When considering the current-voltage behavior and thermal behavior in the short-term range and their effects on the long-term behavior of electrochemical energy storage systems, for example, effects have been shown that cannot be explained without an extended model concept. An energy storage system can only be optimally dimensioned, operated and simulated for the respective application by taking an interdisciplinary view that looks beyond the "end of one's nose".

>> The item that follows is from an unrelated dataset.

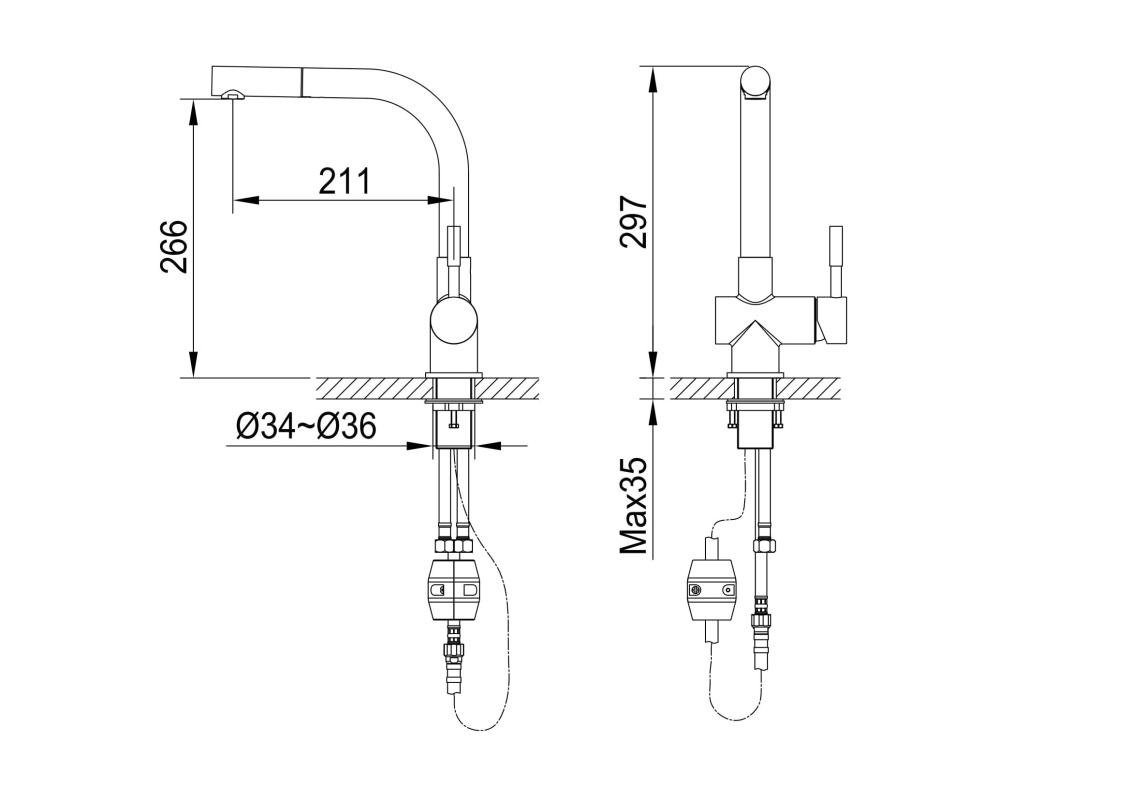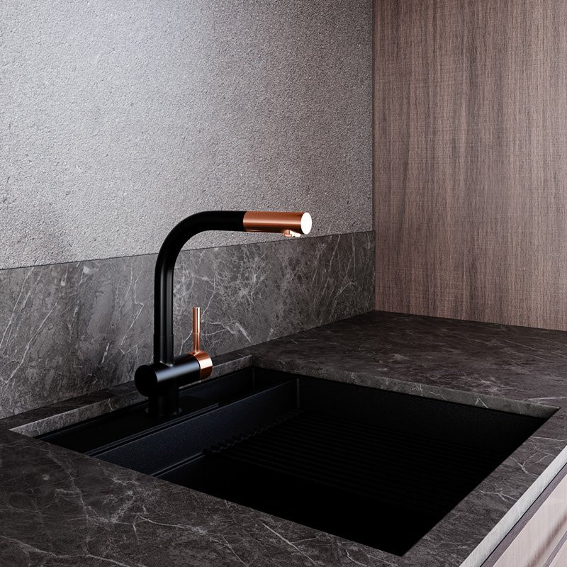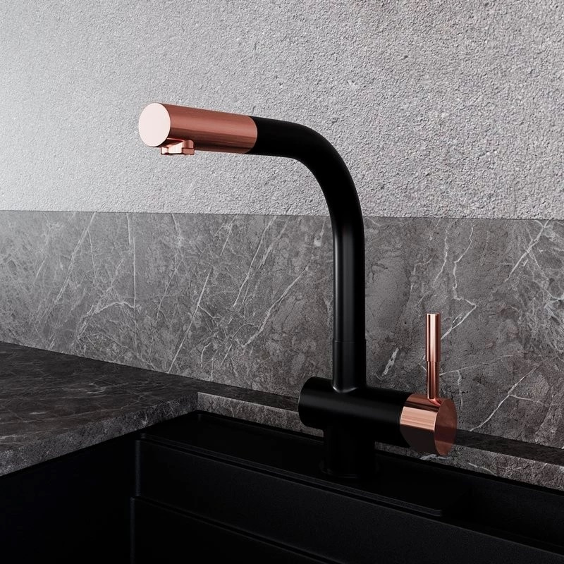 Globalo Design Lobio Black/Copper Ring 1.1 Bateria kuchenna z wyciąganą wylewką czarna/miedź z powłoką PVD LOBIO_C_RING_BLACK

Therefore, the systemic consideration of the respective energy storage technology in the corresponding environment plays an essential role, as there are always interactions between the individual technical systems. This applies, for example, to the mutual feedback of the behavior of a battery storage system via power electronics on the grid and vice versa. From a scientific point of view, the further development of battery models for highly dynamic use and the effects of large power gradients on the electrical and thermal behavior in general and on the service life of batteries in particular are therefore of great interest. The systemic limit analysis of energy storage systems in dynamic requirements focuses on the following fundamental scientific issues:
- Dynamic battery behavior under mixed and alternating current loads, here e.g. the effects of pulse-shaped loads on electrochemical storage (lithium plating during fast charging), battery aging
- Determination of the current density distribution / field calculation for transient loads in electrochemical systems and measures to improve the current density distribution in electrochemical systems
- Development of gentle and safe fast-charging processes
- Identification of damage using in-situ methods
- Ageing models (physical / chemical, event-based)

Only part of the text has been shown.